__PROMPT__: With pictures omitted, copy exactly every line from the one that contains "Orecchini pendenti in" to the end of the listing below.

__LISTED ENTRIES__:
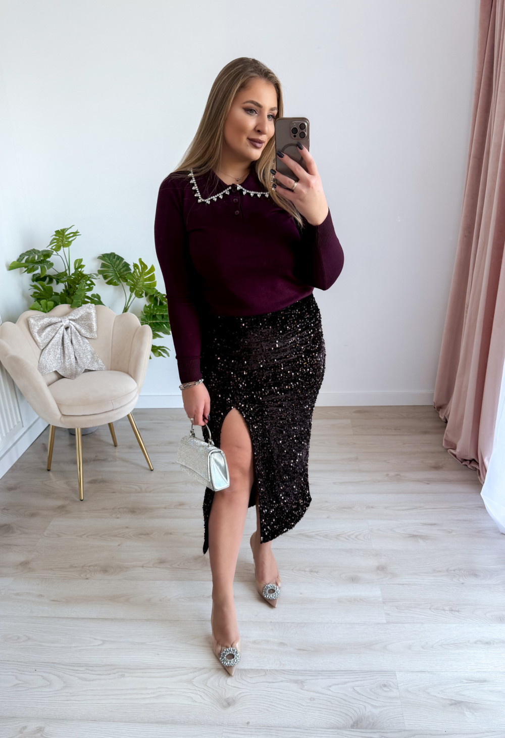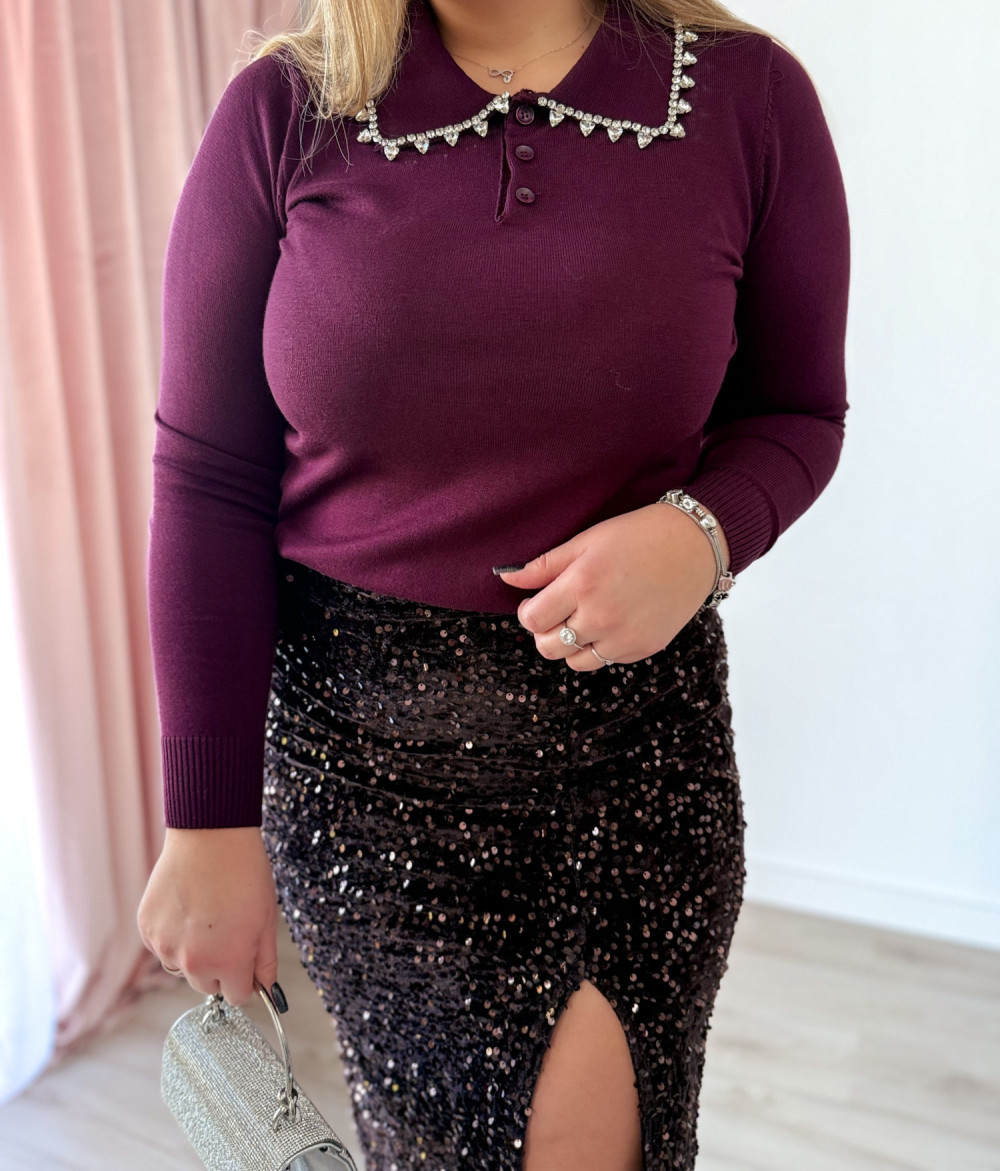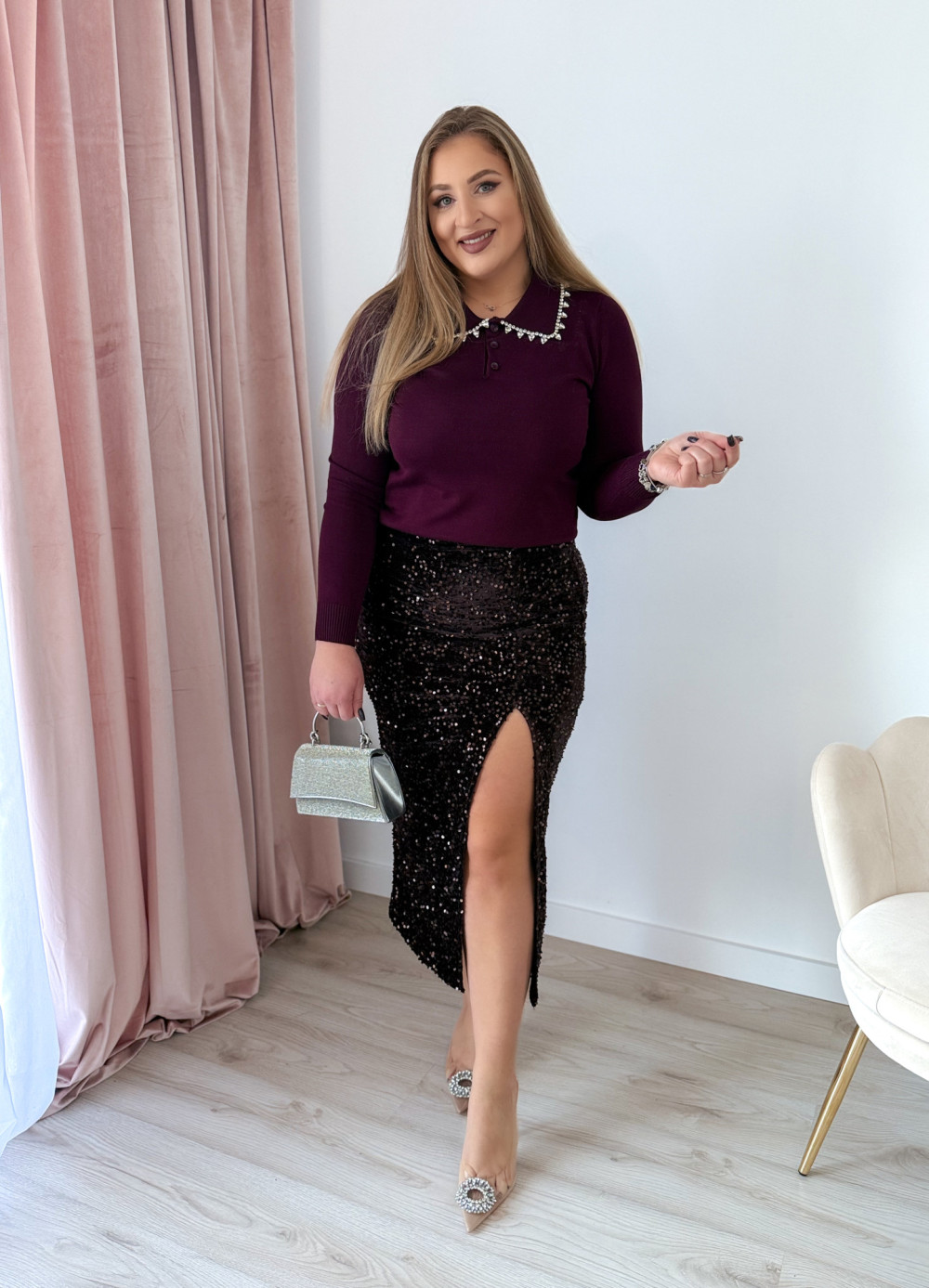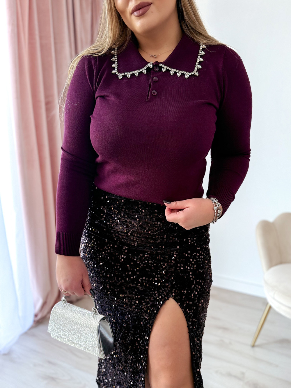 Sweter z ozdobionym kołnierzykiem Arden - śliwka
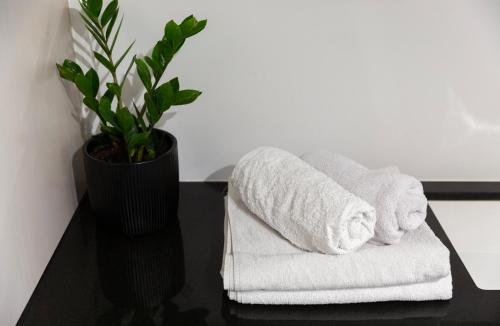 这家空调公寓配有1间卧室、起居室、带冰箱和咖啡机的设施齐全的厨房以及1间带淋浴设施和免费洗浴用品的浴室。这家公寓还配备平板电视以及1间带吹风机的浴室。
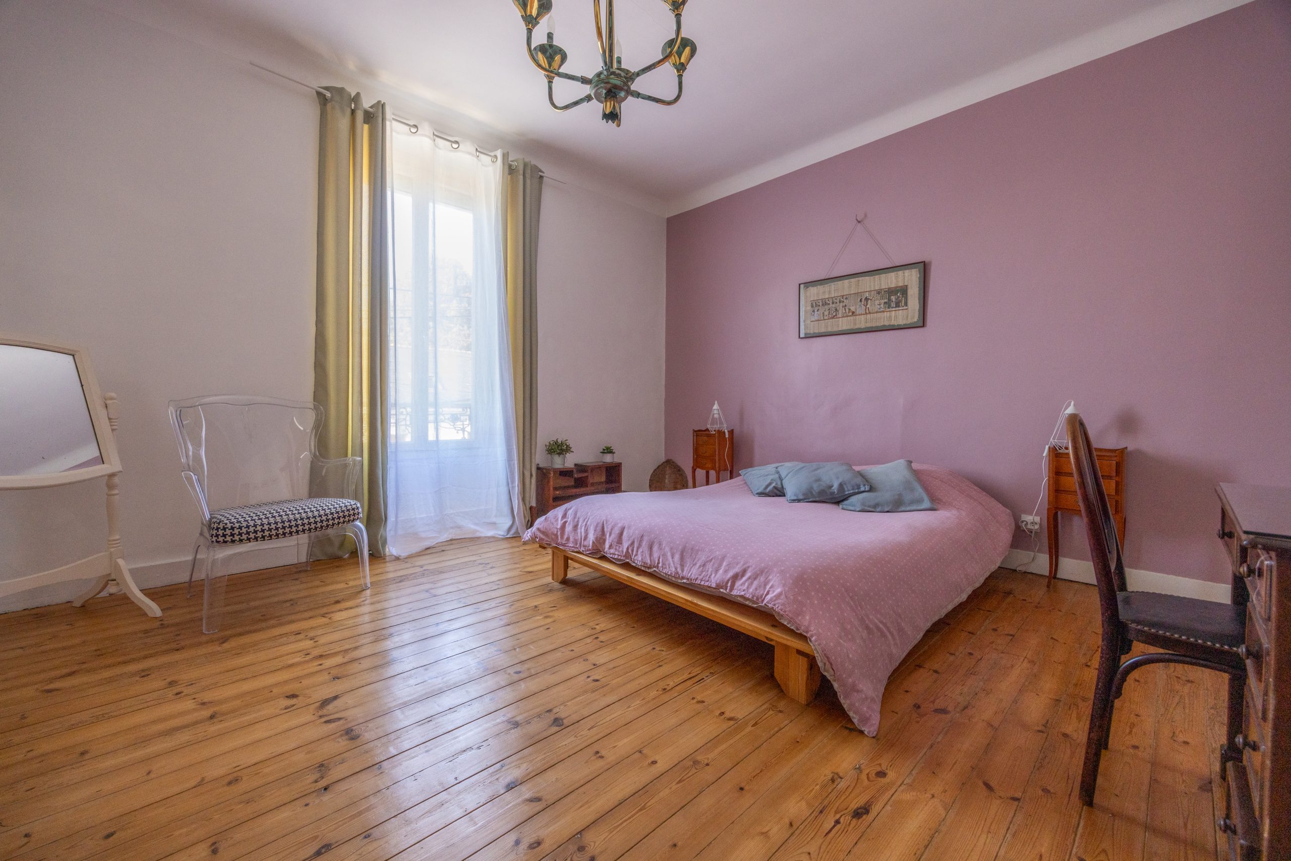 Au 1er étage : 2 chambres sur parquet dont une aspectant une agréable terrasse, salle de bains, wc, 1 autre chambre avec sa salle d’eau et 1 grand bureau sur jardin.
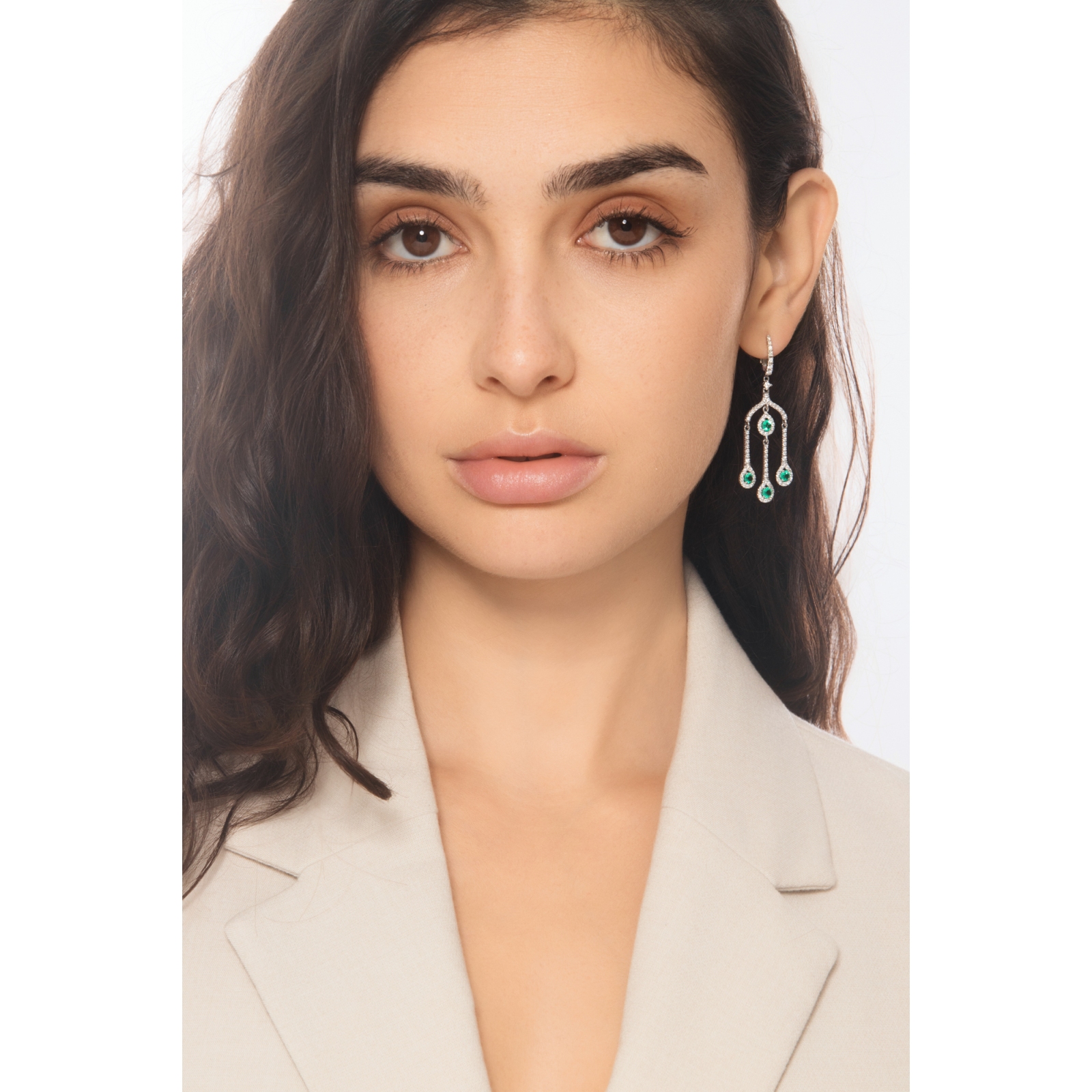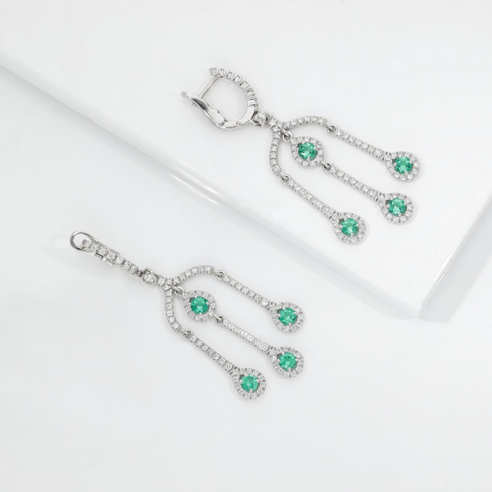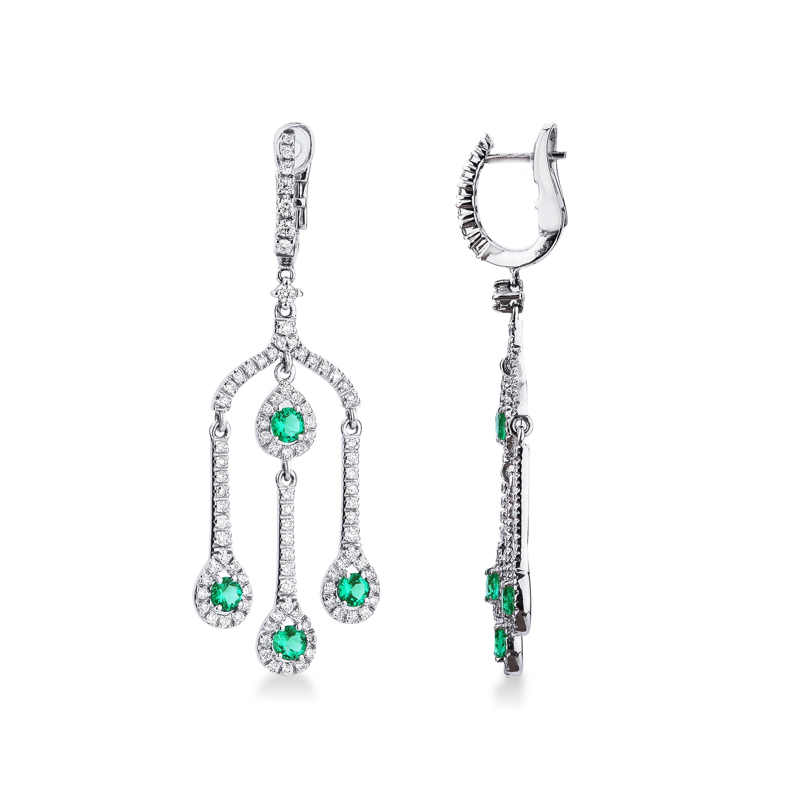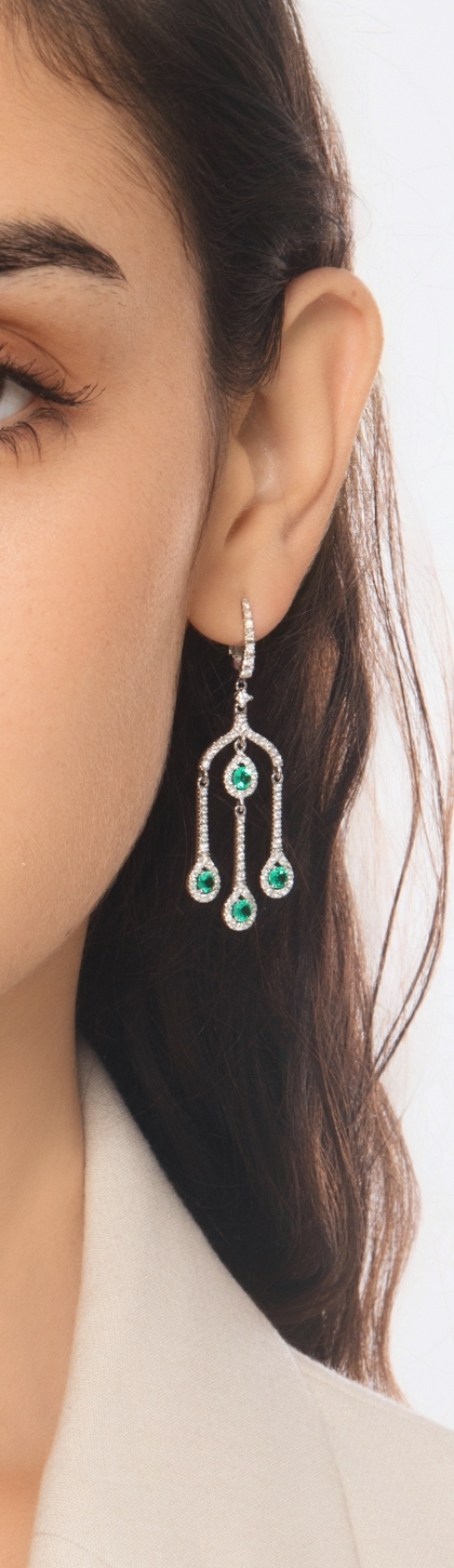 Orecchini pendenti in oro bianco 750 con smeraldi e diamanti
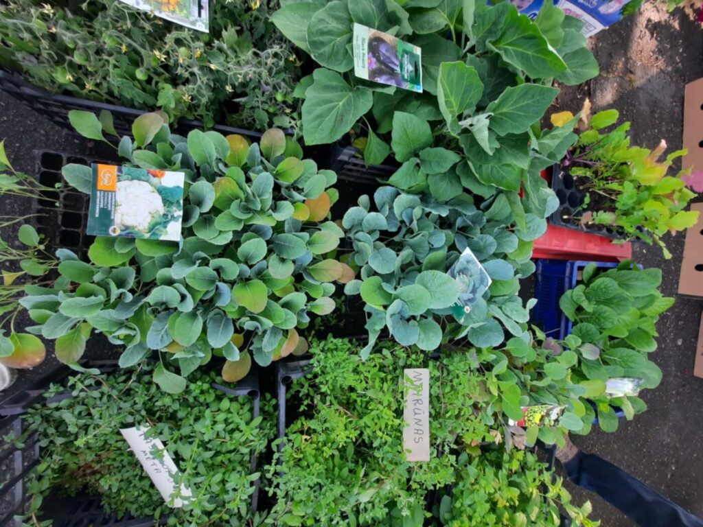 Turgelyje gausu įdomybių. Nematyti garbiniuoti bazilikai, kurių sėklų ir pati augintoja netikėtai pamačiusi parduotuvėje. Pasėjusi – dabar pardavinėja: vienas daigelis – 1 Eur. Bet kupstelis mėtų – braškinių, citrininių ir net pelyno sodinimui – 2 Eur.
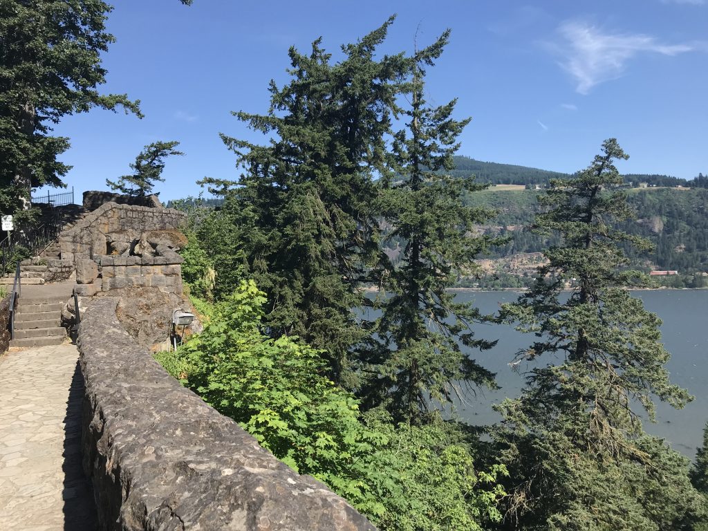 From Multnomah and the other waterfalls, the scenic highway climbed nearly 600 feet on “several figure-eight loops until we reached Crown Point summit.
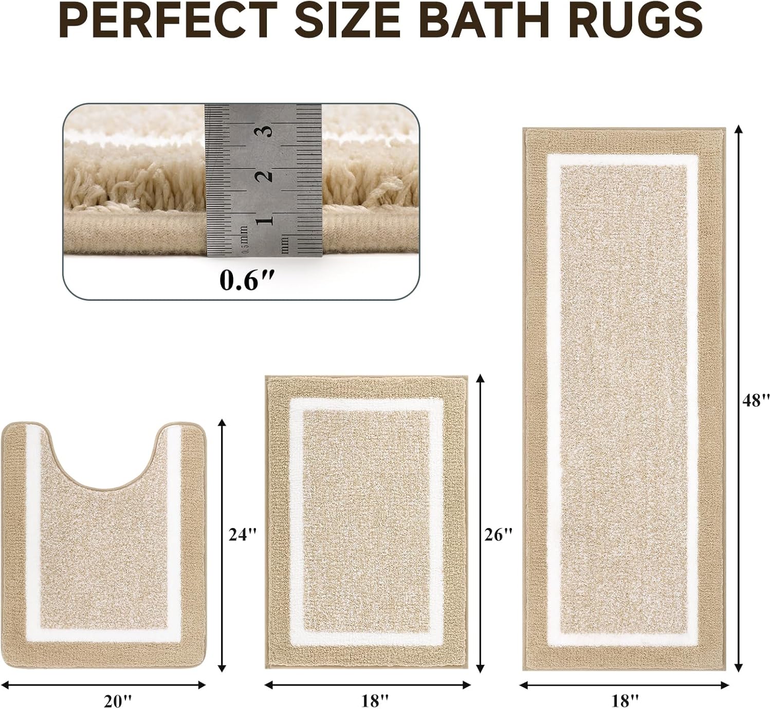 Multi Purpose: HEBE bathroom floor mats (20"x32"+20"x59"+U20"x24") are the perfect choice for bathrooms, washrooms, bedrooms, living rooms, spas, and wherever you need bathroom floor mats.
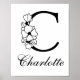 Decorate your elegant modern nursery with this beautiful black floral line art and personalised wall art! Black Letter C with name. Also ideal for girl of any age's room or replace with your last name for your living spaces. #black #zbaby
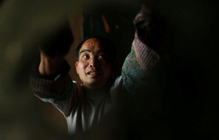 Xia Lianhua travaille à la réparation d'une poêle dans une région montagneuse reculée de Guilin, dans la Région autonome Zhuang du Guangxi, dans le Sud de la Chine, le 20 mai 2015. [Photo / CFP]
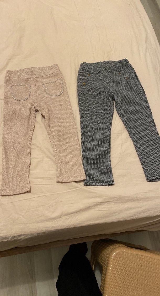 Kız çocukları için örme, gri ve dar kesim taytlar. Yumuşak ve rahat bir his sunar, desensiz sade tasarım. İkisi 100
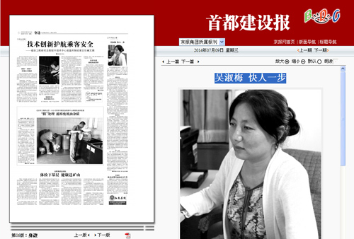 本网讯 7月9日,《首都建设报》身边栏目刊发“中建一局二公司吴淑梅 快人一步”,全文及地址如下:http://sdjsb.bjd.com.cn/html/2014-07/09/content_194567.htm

__TASK OUTPUT__:
 Orecchini pendenti in oro bianco 750 con smeraldi e diamanti
 Turgelyje gausu įdomybių. Nematyti garbiniuoti bazilikai, kurių sėklų ir pati augintoja netikėtai pamačiusi parduotuvėje. Pasėjusi – dabar pardavinėja: vienas daigelis – 1 Eur. Bet kupstelis mėtų – braškinių, citrininių ir net pelyno sodinimui – 2 Eur.
 From Multnomah and the other waterfalls, the scenic highway climbed nearly 600 feet on “several figure-eight loops until we reached Crown Point summit.
 Multi Purpose: HEBE bathroom floor mats (20"x32"+20"x59"+U20"x24") are the perfect choice for bathrooms, washrooms, bedrooms, living rooms, spas, and wherever you need bathroom floor mats.
 Decorate your elegant modern nursery with this beautiful black floral line art and personalised wall art! Black Letter C with name. Also ideal for girl of any age's room or replace with your last name for your living spaces. #black #zbaby
 Xia Lianhua travaille à la réparation d'une poêle dans une région montagneuse reculée de Guilin, dans la Région autonome Zhuang du Guangxi, dans le Sud de la Chine, le 20 mai 2015. [Photo / CFP]
 Kız çocukları için örme, gri ve dar kesim taytlar. Yumuşak ve rahat bir his sunar, desensiz sade tasarım. İkisi 100
 本网讯 7月9日,《首都建设报》身边栏目刊发“中建一局二公司吴淑梅 快人一步”,全文及地址如下:http://sdjsb.bjd.com.cn/html/2014-07/09/content_194567.htm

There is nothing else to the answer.